Mary Anne Bobinski (born 1962) is dean of the Emory University School of Law and an American legal scholar and educator whose research focuses on health law in the United States and Canada. She was the dean of the Allard School of Law at the University of British Columbia from 2003 to 2015 and is a past President of the American Society of Law, Medicine and Ethics.
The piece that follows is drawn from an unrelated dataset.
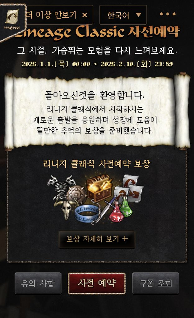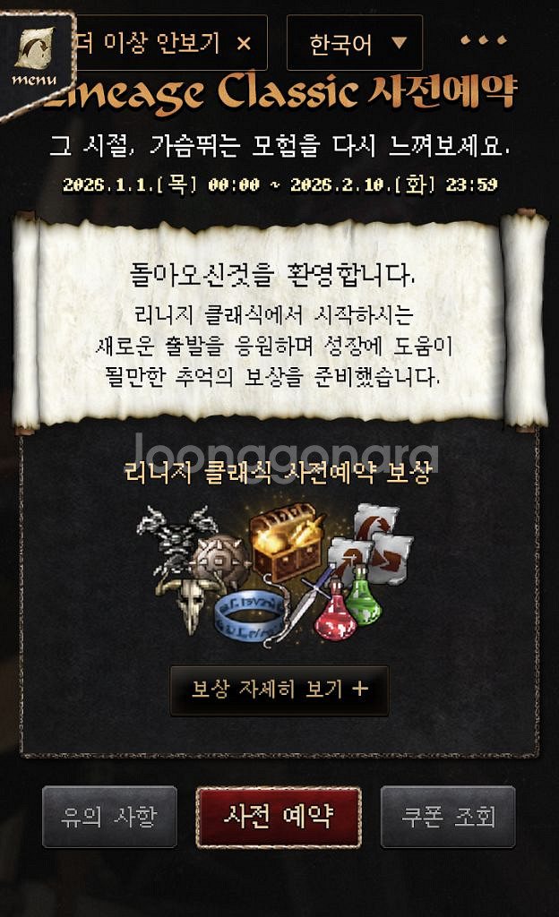 네고X 네고X 네고X 리니지 클래식 1차 사전예약 쿠폰 1장 30000원 여러장 가능. 쿠폰등록 및 사용기간 : 2026-02-07 20:00 ~ 2026-04-01 06:00 ※ 쿠폰은 계정당 1회만 등록할 수 있습니다. 상품 설명 및 유의사항, 상품 정보 이미지를 꼭 보고 구매해 주세요. https://lineageclassic.plaync.com/ko-kr/conts/260101_teasing#preorder 이벤트ON https://lineageclassic.plaync.com/ko-kr/eventon/board/event_notice/view?articleId=69553a704984ee2095a3cc49 농협계좌 있습니다. 3자 사기는 사절합니다.

Bobinski was born in Cortland, New York and studied at the State University of New York at Buffalo where she received her BA in psychology in 1982 and her JD in 1987. She served a judicial clerkship with Max Rosenn of the U.S. Court of Appeals for the Third Circuit and then did further study at Harvard Law School, receiving her LL.M. in 1989.  She joined the faculty of the University of Houston Law Center in 1989 as an assistant professor. She served as Director of the Health Law and Policy Institute there from 2001 and from 2002 was the John and Rebecca Moores Professor of Law. In 2003 she was appointed Dean of the Allard School of Law at the University of British Columbia and served in that post through 2015. She is a current (December 2017) member of the Committee of the Allard Prize for International Integrity.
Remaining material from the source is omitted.